Undeterred, the reporter then asked Westerwelle if he could respond in German to a question in English, only to be rebuffed again.

"In Great Britain people are expected to speak English and it is the same in Germany, people are expected to speak German," Westerwelle answered.

Using a translator, the BBC reporter then proceeded to ask a question about how German foreign policy would change with Westerwelle as foreign minister.

Westerwelle dodged the question, before adding: "Just so it's clear, I'm happy to meet you for tea outside the press conference and then we can speak only English. But we're in Germany here."

Quelle

Kommentare:

Hank hat gesagt…

Jungs, das ist albern. Gerhard Schroeder hat es auch immer wieder abgelehnt in D. Fragen der Journalisten auf Englisch zu beantworten. Das ist auch besser so, fuer jemanden der die Fallstricke der anderen Sprache nicht kennt - und dafuer muss man Muttersprachler oder Profi-Dolmetscher sein.

Christoph hat gesagt…

Naja, albern ist es dann wohl eher von Reuters - der weltweit größten Nachrichtenagentur - das als "Nachricht" um den Globus zu schicken.

Bavaria-for-Ron-Paul ist zu klein und unbedeutend um albern sein zu können.

Fabio Bossi hat gesagt…

Wieso "Nationalist"? Er kann halt kein englisch :-)

Christoph hat gesagt…

@ Fabio

Böse Unterstellung!

Das hier:

Westerwelle dodged the question, before adding: "Just so it's clear, I'm happy to meet you for tea outside the press conference and then we can speak only English. But we're in Germany here.
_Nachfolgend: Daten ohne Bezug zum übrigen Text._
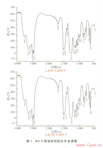 2)利用建立的實(shí)驗(yàn)方法,對(duì)KY-2型耐高溫泡排劑在常溫和170℃下老化24 h后進(jìn)行分子量、聚集數(shù)、核磁光譜、紅外光譜實(shí)驗(yàn)分析。在此基礎(chǔ)上進(jìn)行現(xiàn)場(chǎng)實(shí)驗(yàn)并獲得較好的效果。研究表明,KY-2型泡排劑在深井高溫條件下具有良好的起泡、穩(wěn)泡和帶水能力,在有水氣藏排水采氣作業(yè)中具有良好的應(yīng)用前景。
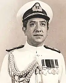 Musharraf Husain Khan (known as M H Khan; 1 February 1932 – 12 October 2018)[1][2] was a Bangladesh Navy Rear Admiral who has served as the chief of the Bangladesh Navy[3] from 7 November 1973 to 3 November 1979. After the Bangladesh war of Independence, Admiral Khan was appointed as the 1st Chief of the Naval Staff of the Bangladesh Navy in November 1973 by the Prime Minister Sheikh Mujibur Rahman. During his tenure, Bangabandhu Sheikh Mujibur Rahman on December 10, 1974 commissioned Bangladesh Navy's largest training base BNS Issa Khan and also handed over “naval ensign” to Bangladesh Navy on the same day. Admiral M. H. Khan joined the Pakistan Navy in 1950. Upon selection as a Cadet into the Pakistan Navy, he was sent to the Royal Navy for training. In 1951 he entered Royal Naval College Dartmouth and after a few years of sea time on RN ships he subsequently, as a Sub Lieutenant was selected to attend the Royal Naval College, Greenwich in 1954. He served on several Royal Naval ships including the aircraft carrier HMS Eagle. He continued his career in the Pakistan Navy and was on a fast track where he achieved the rank of Captain and commanded several of the primary Naval Ships of the Pakistan Navy, including the cruiser PNS Babur and the flag ship destroyer PNS Khaibar. Admiral Khan created the Bangladesh Navy from scratch in very difficult circumstances but was able to create and implement the framework upon which the Bangladesh Navy has been built, following the scope and plan that he laid out in his six plus years as Naval Chief.[4][5]
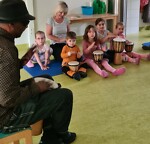 Wer in dieser Woche an unserem Kindergarten vorbei ging wird sicher die Klänge vieler Trommeln gehört haben, welche rhythmisch geschlagen wurden. Grund dafür war ein besonderer Gast.
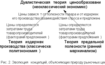 «Старая» неоклассика. В основе всех теорий, анализирующих рыночное хозяйство, лежит какая-либо концепция, объясняющая принципы ценообразования. Неоклассическая концепция сформировалась в результате синтеза разрабатываемой представителями классической политэкономии трудовой теории стоимости и маржиналистской теории предельной полезности (рис. 2).
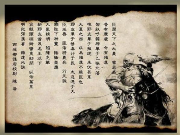 陈汤很有头脑,他不会让自己这边陷入被动,为了占据“大义”,他先是去找“匈奴”的郅支单于,说:“汉朝可怜你在西域受苦,让你归顺,好享尽荣华富贵。”
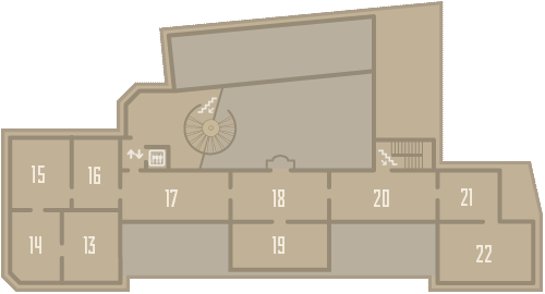 The gallery on the third floor next to the atrium is the most adaptable part of the premises belonging to the Department of Private Collections. The space in these rooms is used for temporary exhibitions or for exhibiting collections usually held in the Department's repositories. On this floor there is also a media-centre, where lectures, meetings and film screenings are held.
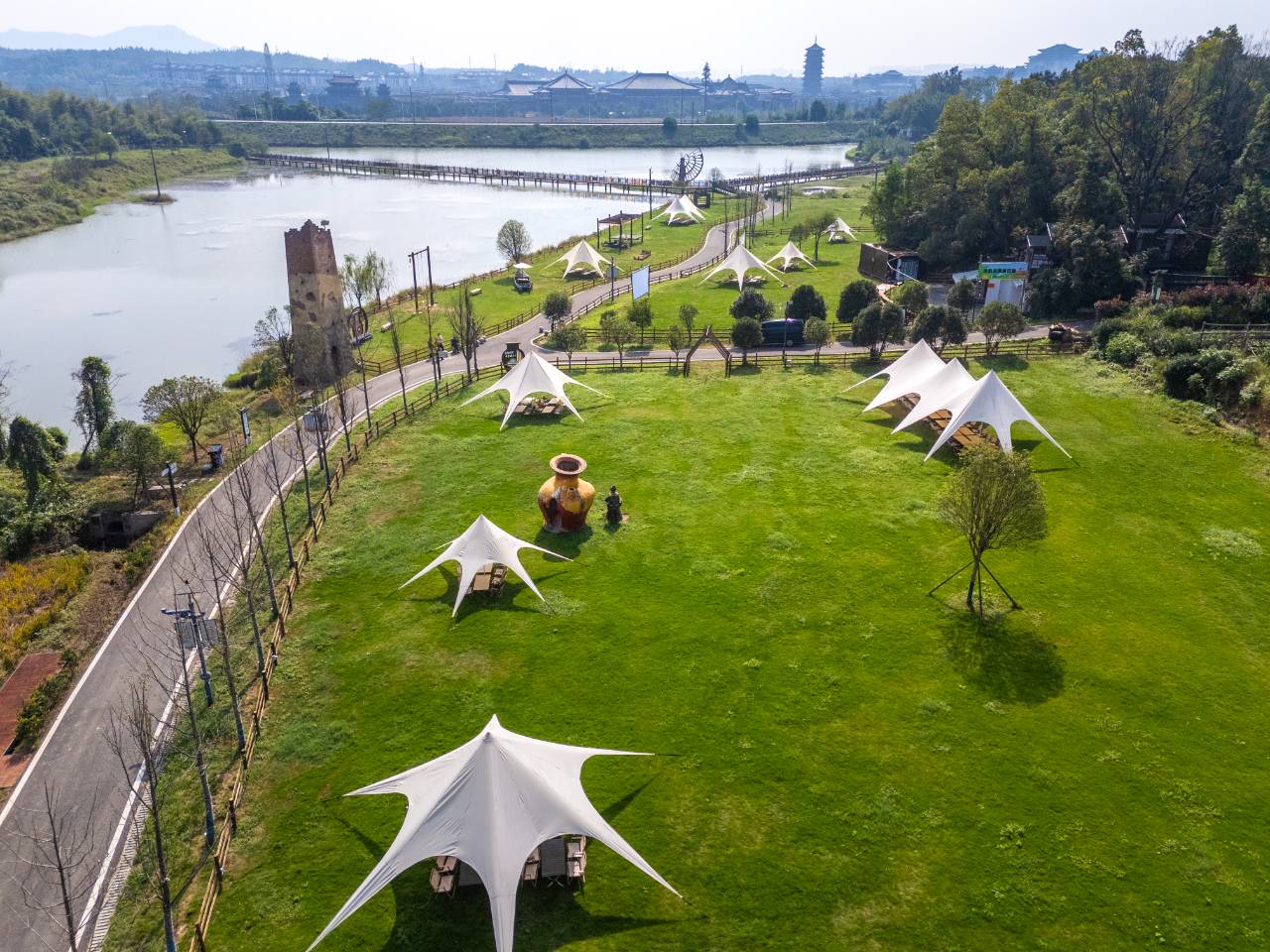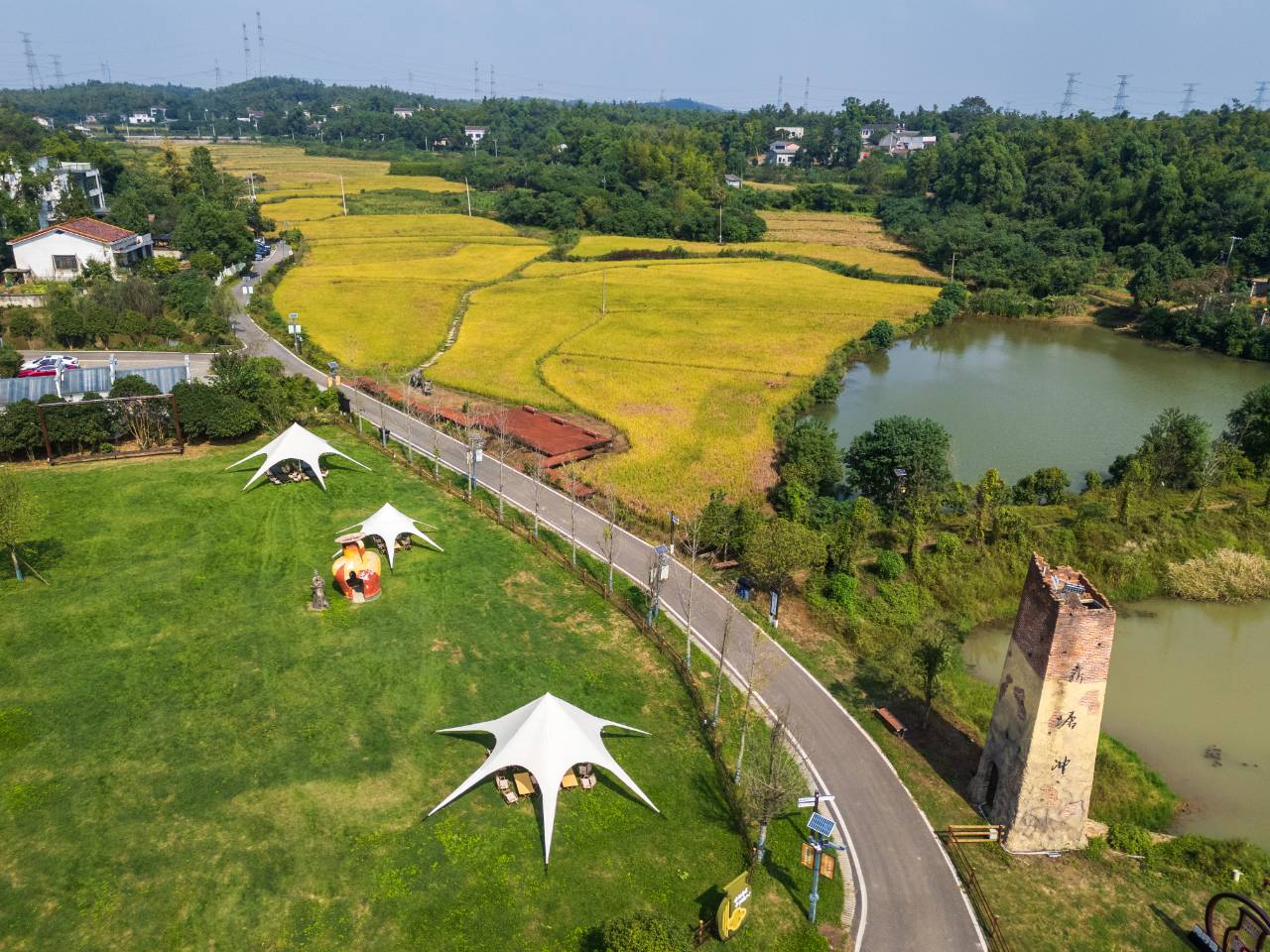 位于彩陶源村的生态营地与金色稻田相映成趣。

hat er ja wohl 'english fluent' gesagt.

Zumindest eine coole Aktion von Bilderberger-Guido...

Fabio Bossi hat gesagt…

@Christoph:

Ach, das hat er auf englisch gesagt?

Ich finde es jedenfalls auch ok, wenn er auf einer deutschen PK nur deutsch reden will.
Hatte die Story auch aufgeschnappt. Schröder muß in Tschechien auch mal sowas passiert sein.

Anonym hat gesagt…

@cristoph:

er hat das auf deutsch gesagt, reuters hat es nur übersetzt und außerdem gibt es ein video, welches sehr gut zeigt, dass westerwelle nicht fließend englisch spricht.

Christoph hat gesagt…

Ach schade - ich hatte mich schon gefreut...

Anonym hat gesagt…

Ich denke er kann das Englische einfach nicht sonderlich gut. Und um sich nicht vollends zu blamieren kommt halt diese antwort. Ich müsste mir die Fragen auch auf Deutsch stellen lassen. :D Allerdings hätte ich auch kein so großes Problem damit, wozu gibt es Dolmetscher. Leider bin ich auch nicht so bewandert was das Englische angeht, was das Lesen einiger Beiträge auf diesen Seiten sehr schwer macht.

Anonym hat gesagt…

http://www.youtube.com/watch?v=lLYGPWQ0VjY

Oliver Knittel hat gesagt…

Manchmal ist eine Frage eine Frage und keine Aussage :)

Ich würde es mir wünschen, wenn Guido Westerwelle Nationalist wäre, also dem WOHL seines Volkes entsprechend Handeln würde. Dieses "Wohl" ist als Langfristiges Ziel anzusehen, nicht eines, das nur einer Generation dient.

Siehe beispielsweise Umwelt, Bildungs oder Außenpolitik.

rk hat gesagt…

nur mal zur weiteren Info:
Es gibt Regeln für offizielle Pressekonferenzen. Die Regel hier heißt: In Pressekonferenzen wird die Landessprache benutzt (Grund: wurde schon von Hank genannt) - für diejenigen die der Landessprache nicht mächtig sind, steht ein Simultandolmetscher zur Verfügung (war auch bei der Westerwelle PK so!). Redaktionen sollten das wissen und entweder nur solche entsenden, die die Landessprache beherrschen oder eben dolmetschen lassen! Der Hinweis von Guido war also berechtigt (abgesehen davon, daß sein Englisch verbesserungsbedürftig ist und bereits daran "arbeitet" -> lt. Tageszeitung - besonders an den Fachtermini für Außenpolitik ;-)
Dumm war halt, daß er es ein wenig undiplomatisch und linkisch tat...

zu Schröder: Es stimmt (lt. Welt) er soll mal in CZ einen Reporter darauf hingewiesen haben, worauf dieser dann ins Tschechische wechselte, das Gerhard dummerweise nicht kann ;-) der Schuß ging also nach hinten los.